浜田靖一防衛相は「今後議論するもので、自衛隊の運用に関わるので答えられない」と述べるのみ。宮本氏は「指揮系統が別々どころか、日本のIAMDは米国の下請けにならざるを得ない。それを隠すのは国民にも国会にも不誠実だ」と批判しました。
宮本氏はIAMDを念頭に置く「統合防空・ミサイル防衛訓練」を自衛隊単独で実施したことはなく、日米共同で行っていると指摘。同訓練項目に敵基地攻撃能力行使も加えるのかとただしました。浜田防衛相は「現時点で具体的な計画はない」と答弁。宮本氏は「敵基地攻撃能力は、IAMDの重要な構成部分で、必然的に訓練項目になっていく。そうなると日常的に仮想敵を想定し、日米で相手国の領土を攻撃する訓練を行うことになり、軍事的緊張を高める」と警告しました。
以上2023年4月23日付赤旗日刊紙より抜粋
≪2023年4月19日 第211国会衆院財務金融委員会安全保障委員会連合審査会第1号議事録≫
○鬼木委員長 次に、宮本徹君。
○宮本(徹)委員 日本共産党の宮本徹です。軍事費倍増の中心的な目的の一つが、敵基地攻撃とミサイル防衛を一体化させた統合防空ミサイル防衛能力、IAMDの構築であります。アメリカの国家安全保障戦略では、同盟国と緊密に協力してIAMDの共同の取組を強化することは米国の重要な優先事項としており、日本を名指ししております。一方、この間の質疑では、岸田総理は、日本は米国のIAMDに参加することはない、全く別物だ、日米は独立した指揮系統に従って行動する、こうおっしゃっているわけです。そこで、浜田防衛大臣にお伺いしたいと思います。集団的自衛権の行使として敵基地攻撃を行う際、日米で攻撃目標の分担は行うのか、それとも、重複をすることを構わずに日本が単独で攻撃目標を決定するんでしょうか。
○浜田国務大臣 まず、存立危機事態における対応を含めて、武力の行使の三要件に基づいて行われる我が国の武力行使は、あくまでも我が国の防衛のために我が国が主体的に行う自衛の措置であります。また、米国は、これを支援し補完するとともに、拡大抑止を提供するといった立場にあり、こうした日米の基本的な役割分担は日米ガイドラインにも記載しているところであります。その上で、反撃能力については、弾道ミサイル等の対処と同様に、日米が協力して対処していくこととしているところでありますが、日米共同でその能力をより効果的に発揮する協力体制を構築することとしております。他方、日米間での協力内容は、お尋ねの点も含めて日米間で今後議論していくものであり、また自衛隊の運用に関わる事柄であるため、詳細をお答えすることができないことを御理解いただきたいと考えます。自衛隊による全ての活動は、共同対処を含め、我が国が主体的な判断の下に各々独立した指揮系統に従って行動して、これは反撃能力においても変わりはございません。

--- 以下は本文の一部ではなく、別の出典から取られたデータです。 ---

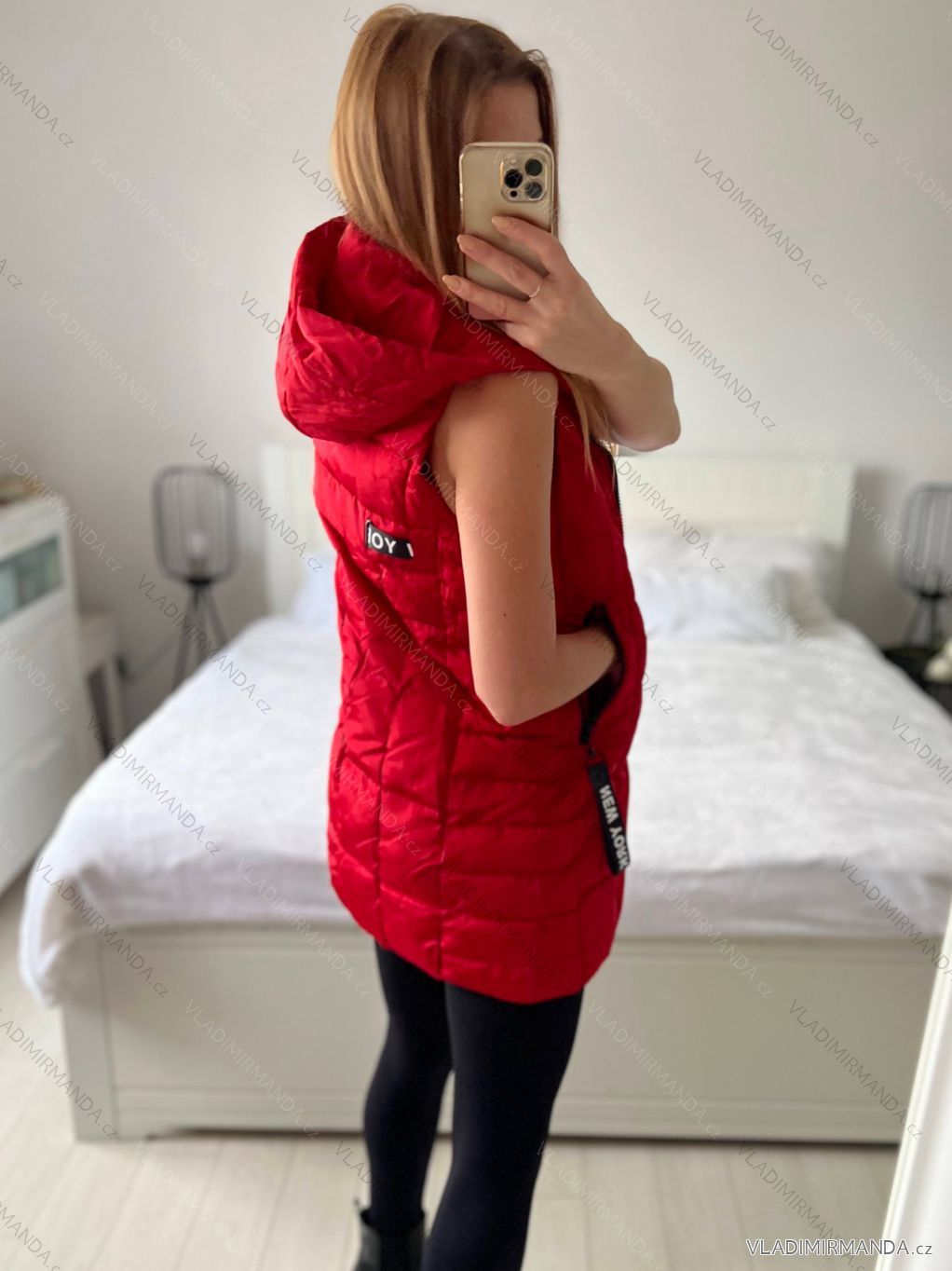 TOVAR (121230) > oblečenie dámske (82015) > Bundy, kabáty, vesty a saka (8794) > Vesta jarná tenká s kapucňou dámska (S-2XL) TALIANSKA MÓDA PMWB23B218135-C/DUR - červená - S

○宮本(徹)委員 攻撃目標の分担をするのかどうか今後議論する、もし議論した後についてもお答えはできないと。そんなこと言って、どうやって日米が独立した指揮系統に従って行動しているかどうか、国会は確認のしようがないじゃないですか。あり得ない答弁だと思いますよ。どう考えたって、軍事の常識として、同じ目標を日米で攻撃するなんてあり得ないわけであります。当然、集団的自衛権の行使として敵基地攻撃を行う際は、攻撃目標の分担案の提示というのはアメリカ側が行ってくることになるんじゃないですか。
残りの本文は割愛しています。